Dataset content ::

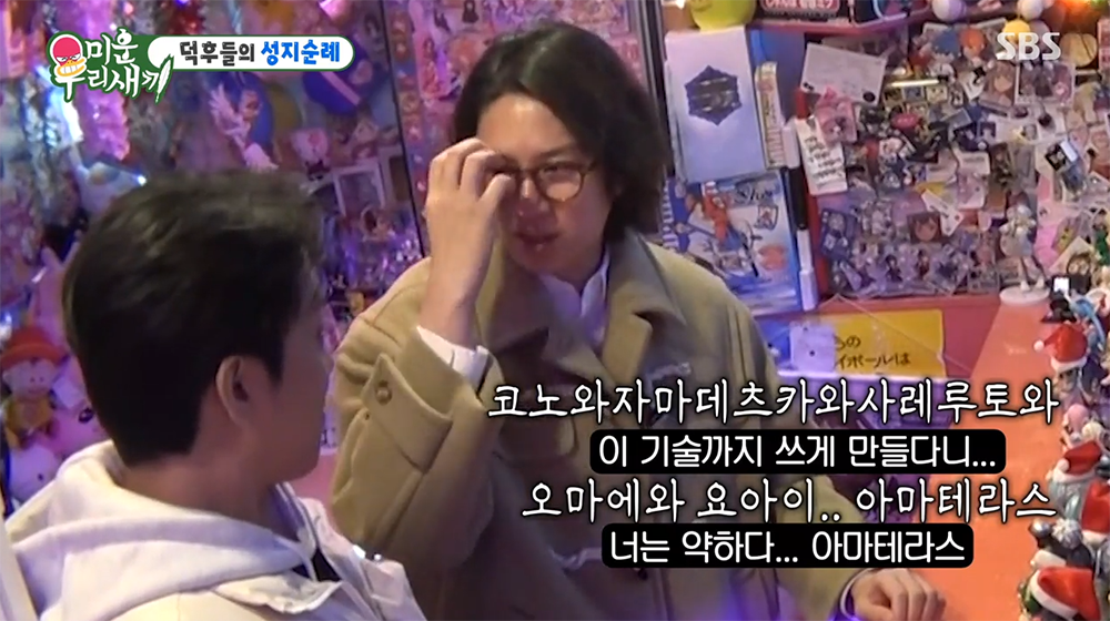 이곳을 찾은 김희철이 최애캐 중 하나인 니코 피규어를 가지고 "니코 니코니~"라고 말하는 모습도 웃었고, 덕후이기는 해도 애니메이션과 만화 쪽이 아니라 게임 쪽인 은지원이 보여주는 반응이 재밌었다. 아마 <미운 우리 새끼 376회>를 보면서 해당 장소를 처음 알게 된 덕후들은 한 번쯤 저 장소를 가보고 싶어지지 않았을까?
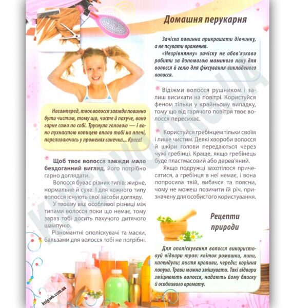 Корисні поради про те, як доглядати за собою; пояснення, як розвивається і дорослішає організм дівчинки; питання про красу і моду; різні рецепти; підказки, як налагодити стосунки з однолітками і навіть як діяти в небезпечних ситуаціях — все це ви знайдете на сторінках нашої енциклопедії
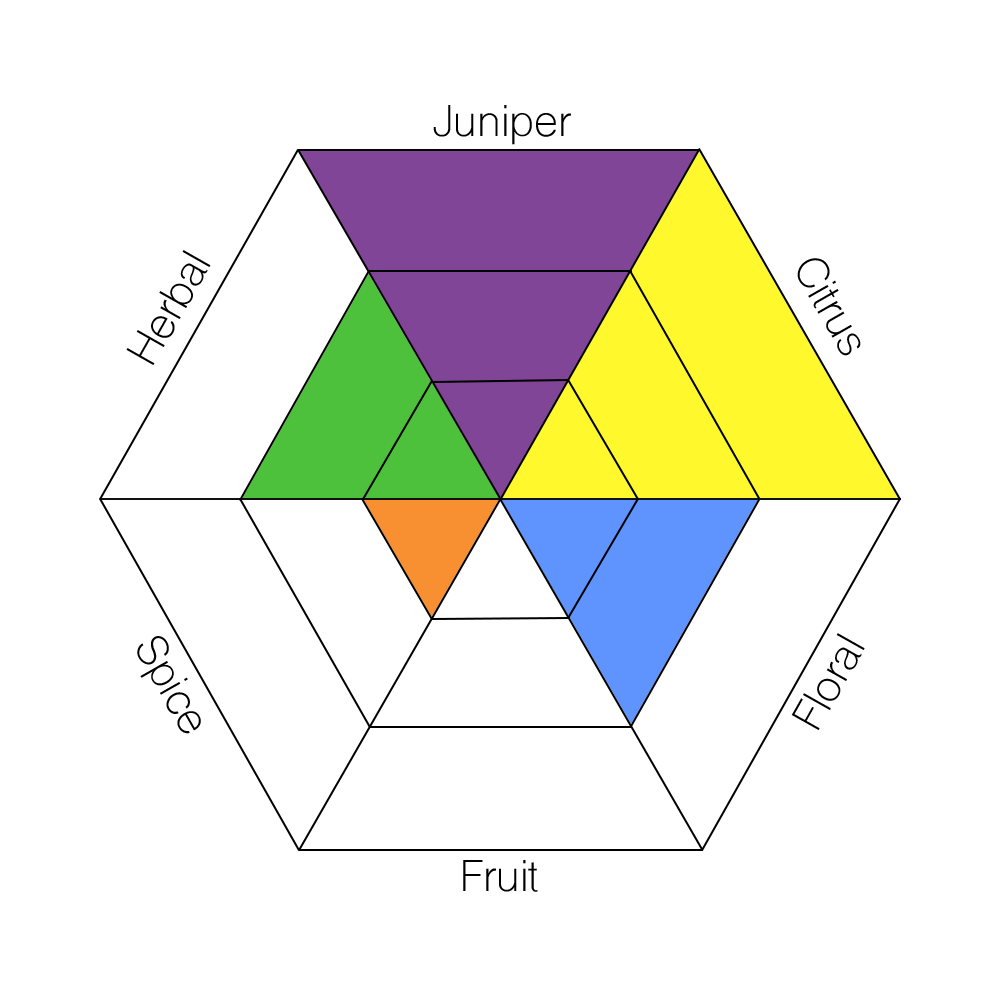 The main taste profiles in gin are: Juniper, Citrus, Floral, Fruit, Spice, and Herbal.
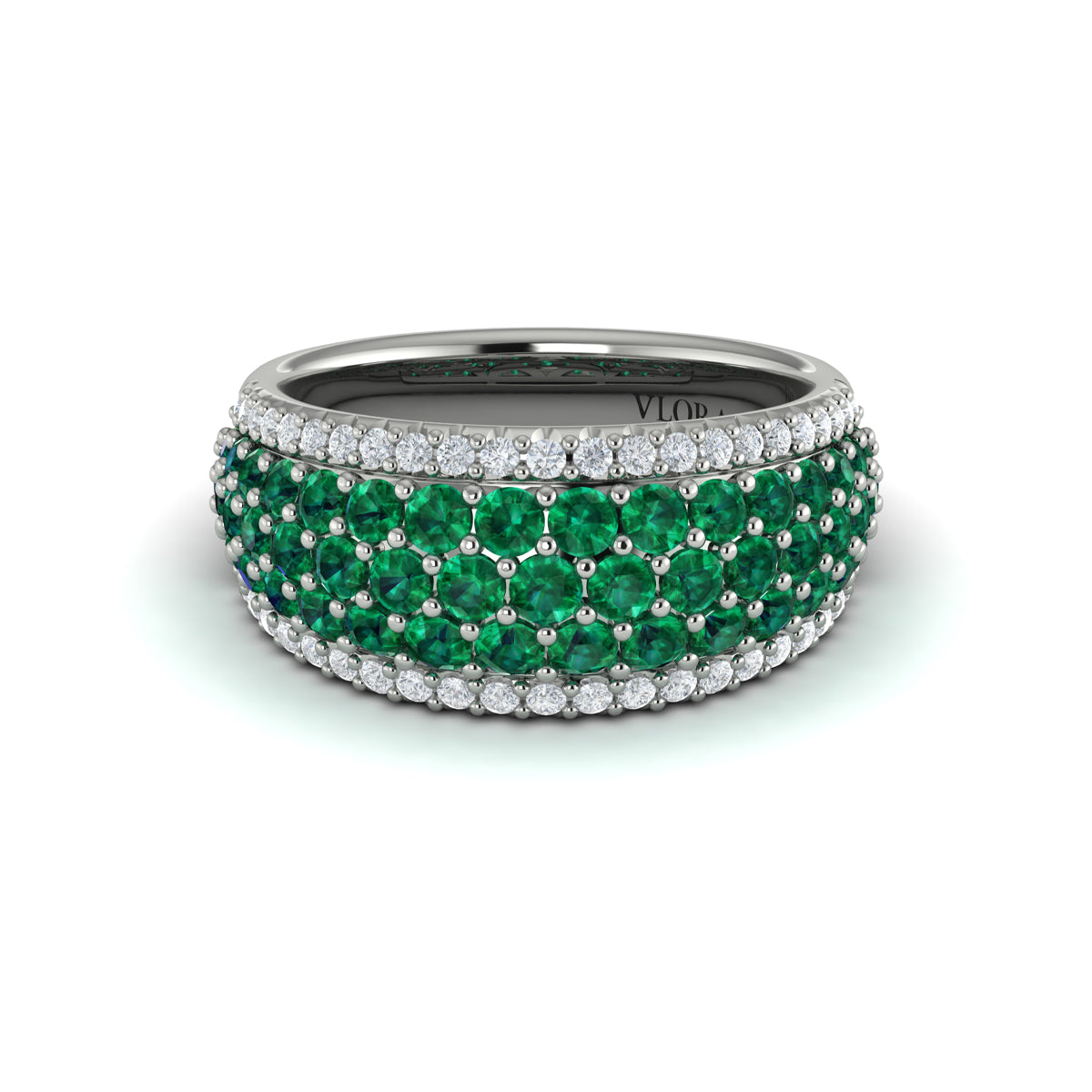 Diamond and Emerald Multi-Row Statement Ring

Exercise prompt ::
Would you restate word for word only the lines from the line with "Корисні поради про" to the last line above, with the pictures left out?

Exercise output ::
 Корисні поради про те, як доглядати за собою; пояснення, як розвивається і дорослішає організм дівчинки; питання про красу і моду; різні рецепти; підказки, як налагодити стосунки з однолітками і навіть як діяти в небезпечних ситуаціях — все це ви знайдете на сторінках нашої енциклопедії
 The main taste profiles in gin are: Juniper, Citrus, Floral, Fruit, Spice, and Herbal.
 Diamond and Emerald Multi-Row Statement Ring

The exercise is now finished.